György Konrád's novel,
A cinkos (literally 'The Accomplice' but translated as
The Loser), was finished in 1978, but was not allowed to be published officially in Hungary until the change of regimes in 1989. Konrád started to work on
The Loser in Budapest and in the picturesque village of Csobánka, just a few kilometres from the capital. He was kept under constant surveillance by the political police, and both his flat in Budapest and his rented house in Csobánka (a former Chiming House, once a residence of Catholic nuns who moved into a new building) was bugged. This village house was the scene where Konrád and his friend, the sociologist Iván Szelényi, wrote their book entitled
Intellectuals on the Road to Class Power, which was considered a primary threat by the party, which sough to prevent its publication and circulation by all means. In October 1974, the secret police searched the Csobánka house for typescripts and related notes. They did not find the first chapters of
The Loser hidden in an old desk, so Konrád was able to continue working on the manuscript.
The fact that the manuscript of
The Loser remained safe from the authorities proved to be decisive for Konrád's career. During the process of their persecution, Konrád, like Szelényi, was offered the chance to leave the country for good as result of an international protest campaign against their arrest. Szelényi took the opportunity and emigrated to England, but Konrád decided to stay, for he wanted to finish
The Loser. As he retrospectively commented on his decision, he had realized that in exile he would have to focus on his academic career and struggle with all the difficulties of establishing a new life. Such time consuming efforts would certainly threaten his ambition to finish his next literary work. Therefore, via interlocutors, he made a deal with György Aczél, the principal architect of cultural policy at the time, that he would stay in Hungary if the political police would terminate its continuous harassment and allow his previous novel, finished in 1973,
A városalapító (that is
The City Builder), to be published. Aczél agreed, and after significant cuts the novel was published in 1977. Beginning in 1974, Konrád received advancements from Magvető Publishing House for
A városalapító,
which together with payments from abroad for his translated books secured him a modest income. Konrád also worked as a ghost writer, another way to make a living. Thus, having his and his family's basic needs fulfilled, unlike so many prominent dissident writers from East Central Europe, he did not choose to emigrate.

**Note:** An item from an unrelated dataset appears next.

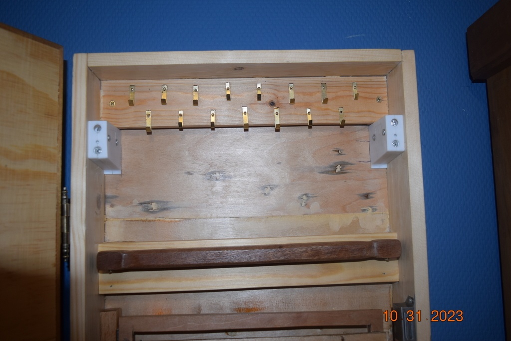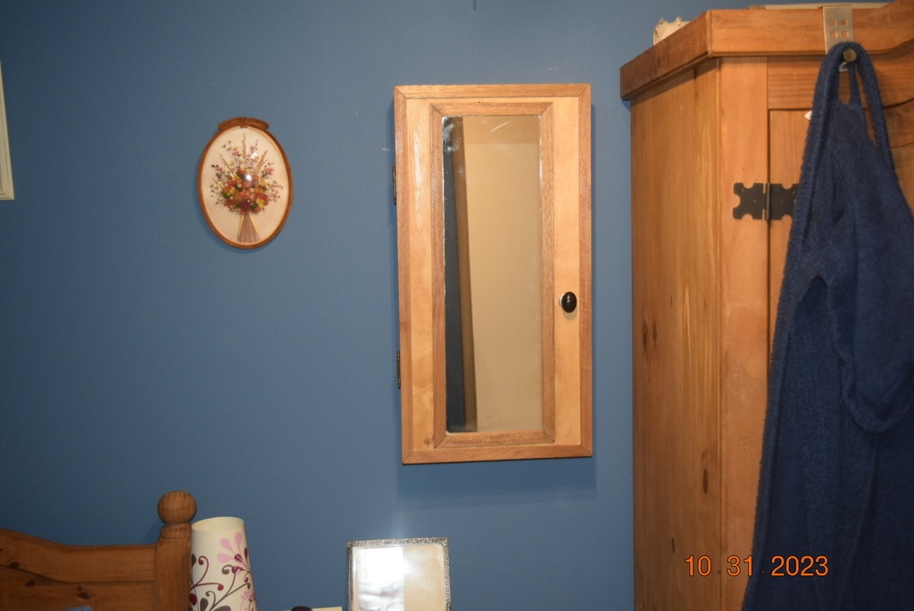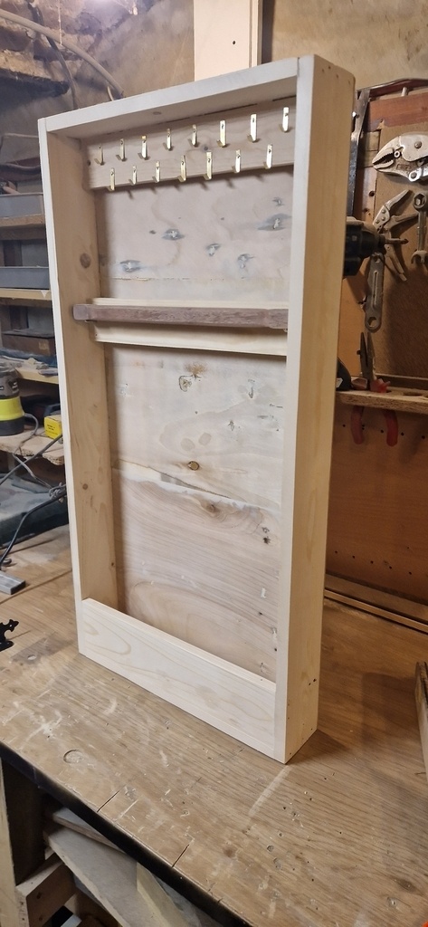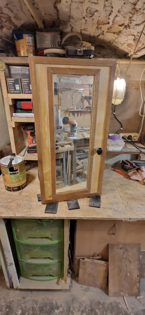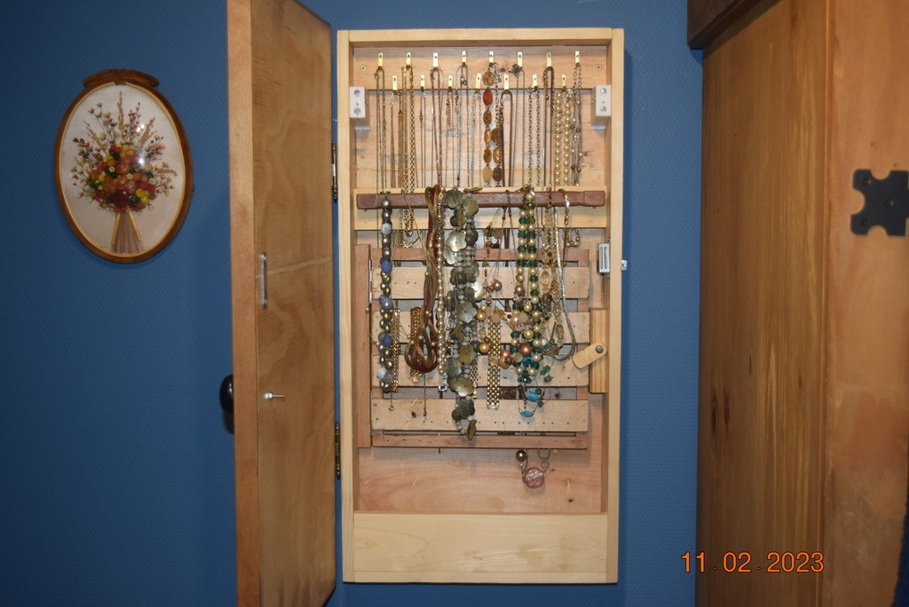 J'ai fabriqué ce meuble à bijoux et colliers pour ma mère il y a environ deux ou trois ans. C'était un projet personnel pour lui offrir pratique et élégant pour ranger ses colliers. Les photos montrent le meuble fermé, avec son encadrement en bois et sa porte miroir, et ouvert, révélant le système de rangement pour les bijoux.

Konrád did not become isolated from the West, however. In 1976, his three-year prohibition for applying for a passport ended, and in 1977 Konrád was granted permission to leave for West Berlin to become a writer-in-residence in the Berlin Artist Program (Berliner Künstlerprogramm) of the German Academic Exchange Service (Deutscher Akademischer Austausch Dienst, DAAD). In 1978, he spent some time in the United States with a stipend offered by his American publisher, Harcourt Brace Jovanovich (HBJ). Konrád has been working on
The Loser over the years, and he finished the novel in New York in autumn 1978.
He knew that the work had no chance of being published in Hungary. The novel covers five decades of Hungarian history via the narrator's visions, who is a writer incarcerated in a mental asylum along with a number of other political dissidents. It contains critical assessments of the role of the Soviet Union and a sympathetic depiction of the 1956 revolution. Upon return to Hungary, Konrád delivered a typescript to samizdat publisher Gábor Demszky, but in 1979 the secret police confiscated the copy.
The Loser was first published in German with the title
Der Komplize (Suhrkamp, 1980) and in French as
Le Complice (De Seuil, 1980), and even the English translation (HBJ, 1982) preceded the first Hungarian samizdat edition by Demszky's ABC Független (1983). The samizdat version was reprinted by the New York Hungarian publisher Sándor Püski in 1986.